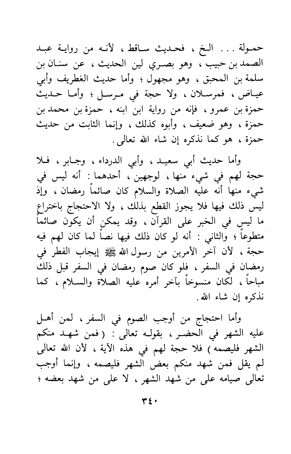 حمولة ... إلخ "، فحديث ساقط، لأنه من رواية عبد الصمد بن حبيب، وهو بصري لين الحديث عن سنان بن سلمة بن المحبق، وهو مجهول. وأما حديث الغطريف وأبي عياض، فمرسلان، ولا حجة في مرسل. وأما حديث حمزة بن عمرو، فإنه من رواية ابن ابنه: حمزة بن محمد بن حمزة، وهو ضعيف، وأبوه كذلك؛ وإنما الثابت من حديث حمزة، هو كما نذكره إن شاء الله تعالى.
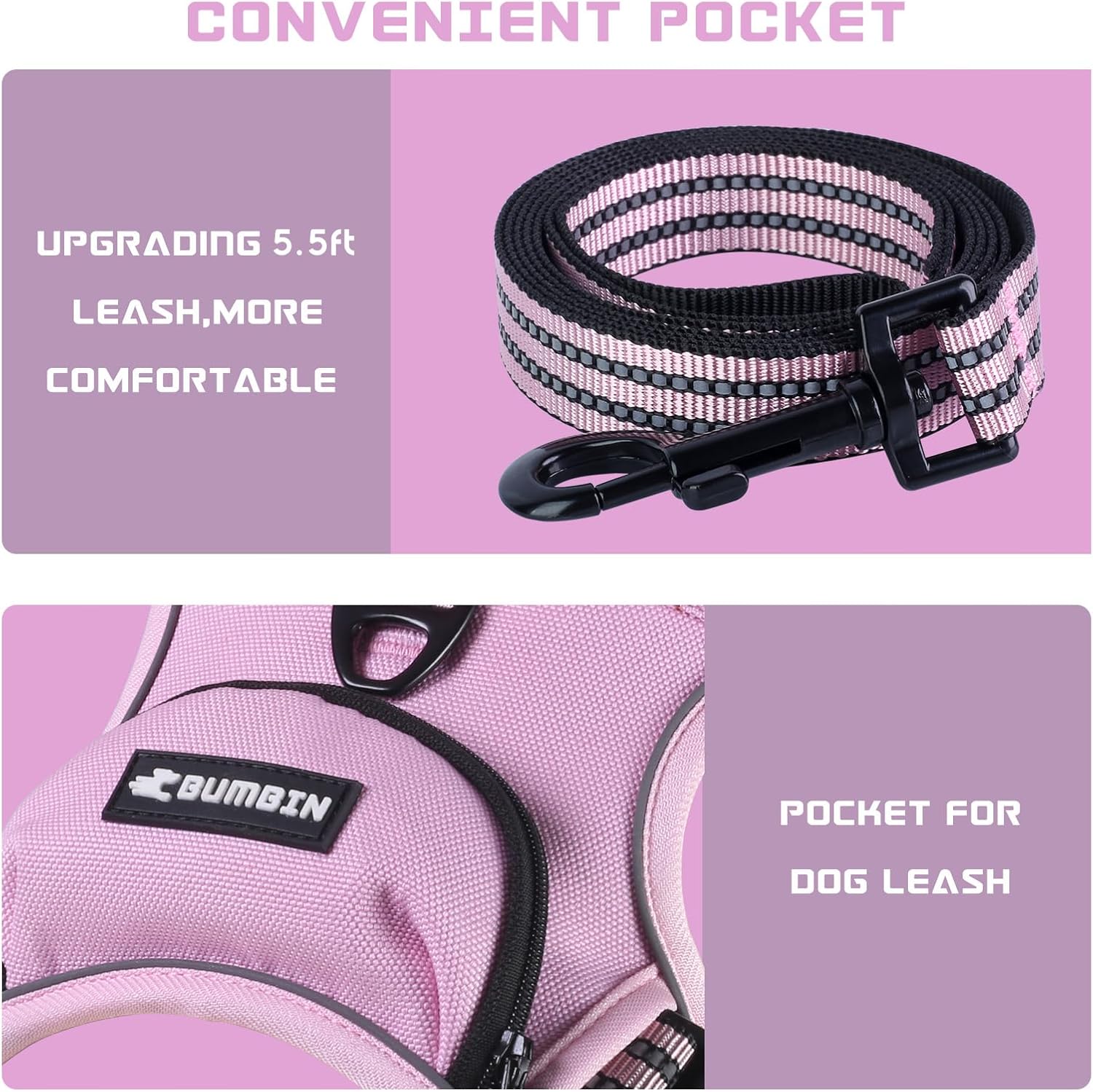 • 🐾COMFTY & SAFE DESIGN: Be the best partner of your pets.🐾 The Bumbin dog harness helps you walk, run and play with your dog together. The arc of the harness back is extended to ensure comfort without scratching the dog’s skin.
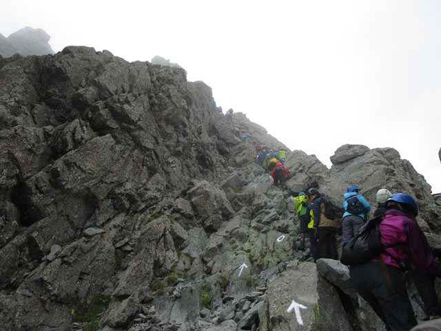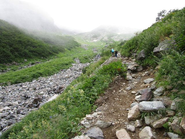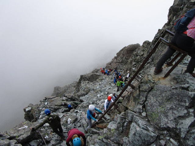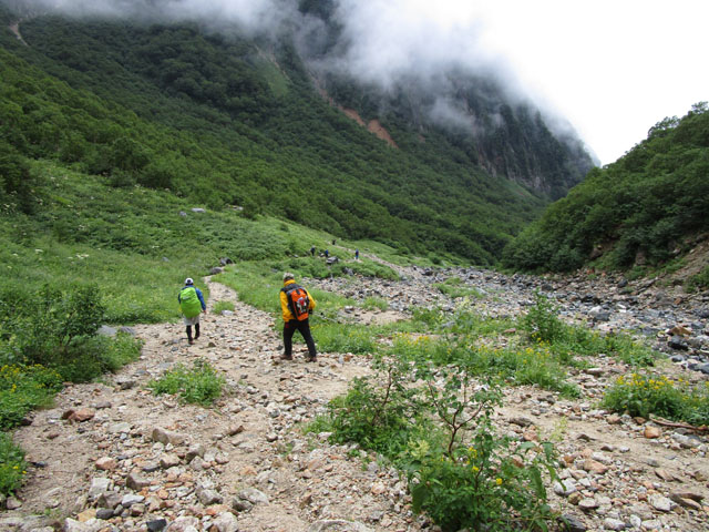 今日はガスっているので頂上にも行かずただちに下山するのみである。
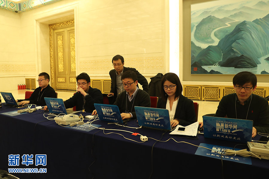 民主黨派中央和全國工商聯(lián)領(lǐng)導(dǎo)人記者會3月6日下午在人民大會堂金色大廳舉行,邀請民革中央主席萬鄂湘、民盟中央主席丁仲禮、民建中央主席郝明金、民進(jìn)中央主席蔡達(dá)峰、農(nóng)工黨中央主席陳竺、致公黨中央主席萬鋼、九三學(xué)社中央主席武維華、臺盟中央主席蘇輝、全國工商聯(lián)主席高云龍回答記者提問。圖為現(xiàn)場直播團(tuán)隊(duì)正在進(jìn)行準(zhǔn)備工作。新華網(wǎng)/中國政府網(wǎng) 陳杰 攝
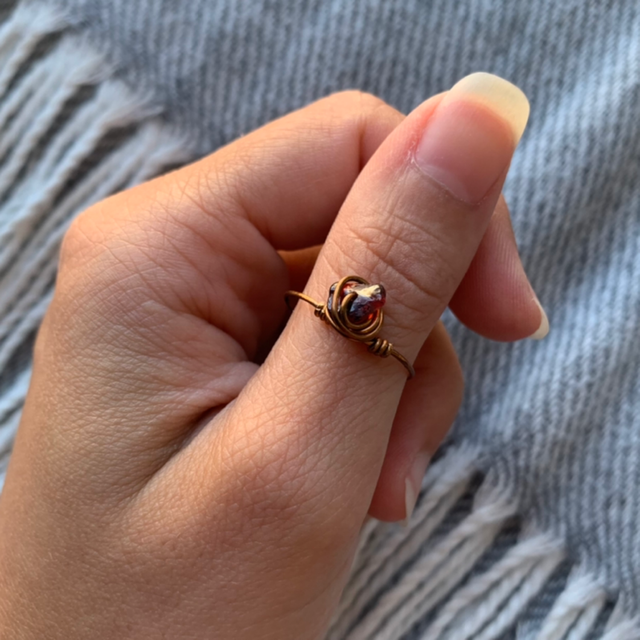 Bague en cuivre réalisée à la main dans mon atelier, et ornée d’une pierre naturelle de Grenat.
================
- Brief -
Please return the data above exactly as it stands from the line with "the dog’s skin." to the line with "今日はガスっているので頂上にも行かずただちに下山するのみである。", keeping both of those lines but none of the pictures.

- Solution -
 • 🐾COMFTY & SAFE DESIGN: Be the best partner of your pets.🐾 The Bumbin dog harness helps you walk, run and play with your dog together. The arc of the harness back is extended to ensure comfort without scratching the dog’s skin.
 今日はガスっているので頂上にも行かずただちに下山するのみである。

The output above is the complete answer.